## [DATA RECORDS]
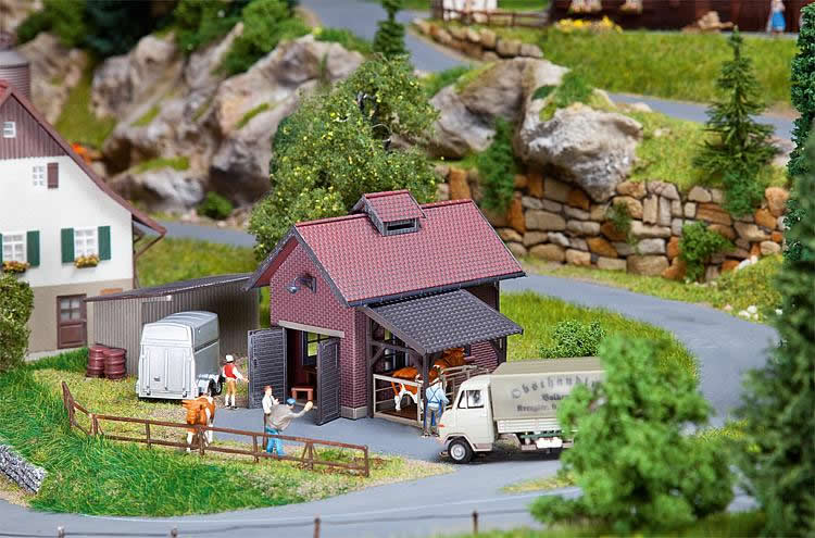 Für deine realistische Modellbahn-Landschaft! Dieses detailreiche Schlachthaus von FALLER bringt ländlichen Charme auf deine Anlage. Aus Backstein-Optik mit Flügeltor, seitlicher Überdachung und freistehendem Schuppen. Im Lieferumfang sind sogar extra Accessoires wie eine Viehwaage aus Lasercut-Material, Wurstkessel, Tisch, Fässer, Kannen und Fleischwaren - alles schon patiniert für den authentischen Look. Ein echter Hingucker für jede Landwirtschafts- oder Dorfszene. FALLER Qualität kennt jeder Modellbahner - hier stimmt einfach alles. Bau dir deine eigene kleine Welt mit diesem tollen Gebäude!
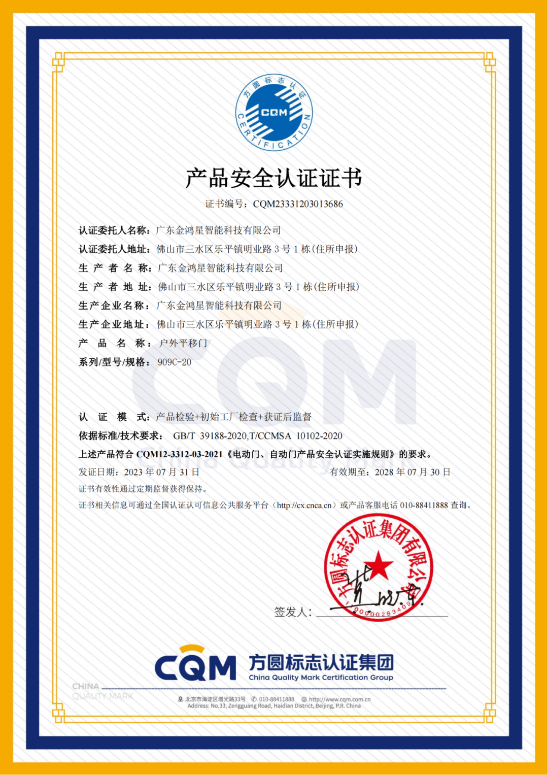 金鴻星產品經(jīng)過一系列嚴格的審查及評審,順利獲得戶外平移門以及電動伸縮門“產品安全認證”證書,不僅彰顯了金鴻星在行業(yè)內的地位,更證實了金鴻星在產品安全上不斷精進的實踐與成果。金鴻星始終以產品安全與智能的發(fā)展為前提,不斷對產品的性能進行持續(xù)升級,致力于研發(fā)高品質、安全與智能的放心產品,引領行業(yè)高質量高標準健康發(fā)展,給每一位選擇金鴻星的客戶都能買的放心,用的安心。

* * *

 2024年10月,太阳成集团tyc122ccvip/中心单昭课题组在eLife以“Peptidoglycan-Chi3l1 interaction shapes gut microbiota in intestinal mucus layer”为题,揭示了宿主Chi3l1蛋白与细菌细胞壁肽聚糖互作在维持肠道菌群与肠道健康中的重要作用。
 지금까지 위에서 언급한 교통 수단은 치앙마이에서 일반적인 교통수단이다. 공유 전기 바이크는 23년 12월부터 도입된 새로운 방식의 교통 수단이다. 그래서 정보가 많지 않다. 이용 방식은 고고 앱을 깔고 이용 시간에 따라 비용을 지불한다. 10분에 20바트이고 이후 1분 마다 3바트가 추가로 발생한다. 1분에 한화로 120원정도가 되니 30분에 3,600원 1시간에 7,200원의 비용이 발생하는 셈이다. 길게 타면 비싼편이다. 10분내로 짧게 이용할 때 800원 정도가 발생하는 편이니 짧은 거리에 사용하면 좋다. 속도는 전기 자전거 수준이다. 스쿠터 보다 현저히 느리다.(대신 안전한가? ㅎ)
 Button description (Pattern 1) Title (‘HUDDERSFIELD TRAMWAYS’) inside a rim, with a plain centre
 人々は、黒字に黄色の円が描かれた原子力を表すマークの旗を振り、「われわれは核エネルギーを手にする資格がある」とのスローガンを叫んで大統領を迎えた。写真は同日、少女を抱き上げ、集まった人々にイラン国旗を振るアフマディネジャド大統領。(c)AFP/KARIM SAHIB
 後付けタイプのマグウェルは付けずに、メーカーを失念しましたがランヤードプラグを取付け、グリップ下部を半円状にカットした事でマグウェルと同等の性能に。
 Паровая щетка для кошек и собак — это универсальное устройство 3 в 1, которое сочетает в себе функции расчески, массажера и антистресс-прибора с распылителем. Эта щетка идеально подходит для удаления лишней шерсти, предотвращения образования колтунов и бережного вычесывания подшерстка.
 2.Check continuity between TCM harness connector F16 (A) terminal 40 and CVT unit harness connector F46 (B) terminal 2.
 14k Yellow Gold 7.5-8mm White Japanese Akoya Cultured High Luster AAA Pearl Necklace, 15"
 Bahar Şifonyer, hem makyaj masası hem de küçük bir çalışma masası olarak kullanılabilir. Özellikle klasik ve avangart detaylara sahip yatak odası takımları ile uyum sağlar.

## [THE PROBLEM]
Among the records above, only the lines between the line holding "Button description (Pattern" and the line holding "2.Check continuity between", inclusive, are to be output, exactly as written.

## [THE COMPLETED TASK]
 Button description (Pattern 1) Title (‘HUDDERSFIELD TRAMWAYS’) inside a rim, with a plain centre
 人々は、黒字に黄色の円が描かれた原子力を表すマークの旗を振り、「われわれは核エネルギーを手にする資格がある」とのスローガンを叫んで大統領を迎えた。写真は同日、少女を抱き上げ、集まった人々にイラン国旗を振るアフマディネジャド大統領。(c)AFP/KARIM SAHIB
 後付けタイプのマグウェルは付けずに、メーカーを失念しましたがランヤードプラグを取付け、グリップ下部を半円状にカットした事でマグウェルと同等の性能に。
 Паровая щетка для кошек и собак — это универсальное устройство 3 в 1, которое сочетает в себе функции расчески, массажера и антистресс-прибора с распылителем. Эта щетка идеально подходит для удаления лишней шерсти, предотвращения образования колтунов и бережного вычесывания подшерстка.
 2.Check continuity between TCM harness connector F16 (A) terminal 40 and CVT unit harness connector F46 (B) terminal 2.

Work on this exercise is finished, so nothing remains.